Records for this task:
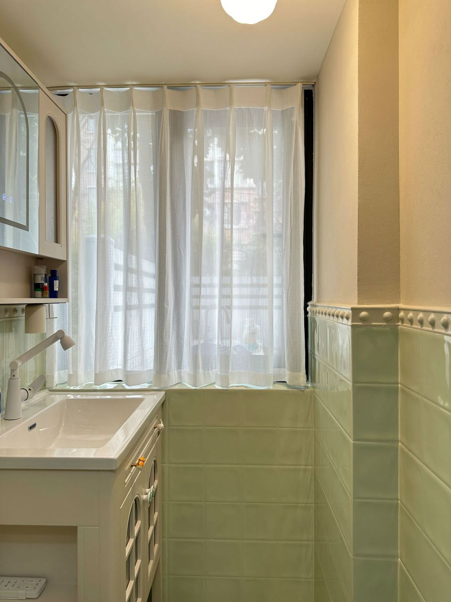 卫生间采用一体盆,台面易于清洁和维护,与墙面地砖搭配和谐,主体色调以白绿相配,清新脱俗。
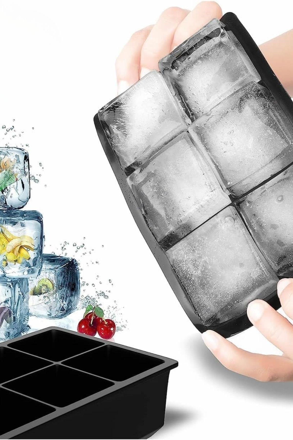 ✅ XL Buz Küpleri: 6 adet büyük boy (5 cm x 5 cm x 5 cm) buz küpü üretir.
---
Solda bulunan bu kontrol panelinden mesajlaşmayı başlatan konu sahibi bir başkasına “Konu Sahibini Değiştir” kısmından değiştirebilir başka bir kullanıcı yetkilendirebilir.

What the task asks: Above, find the line with "卫生间采用一体盆,台面易于清"; copy it and every line down to the line with "buz küpü üretir.", exactly and both included, but no pictures.

Task solution:
 卫生间采用一体盆,台面易于清洁和维护,与墙面地砖搭配和谐,主体色调以白绿相配,清新脱俗。
 ✅ XL Buz Küpleri: 6 adet büyük boy (5 cm x 5 cm x 5 cm) buz küpü üretir.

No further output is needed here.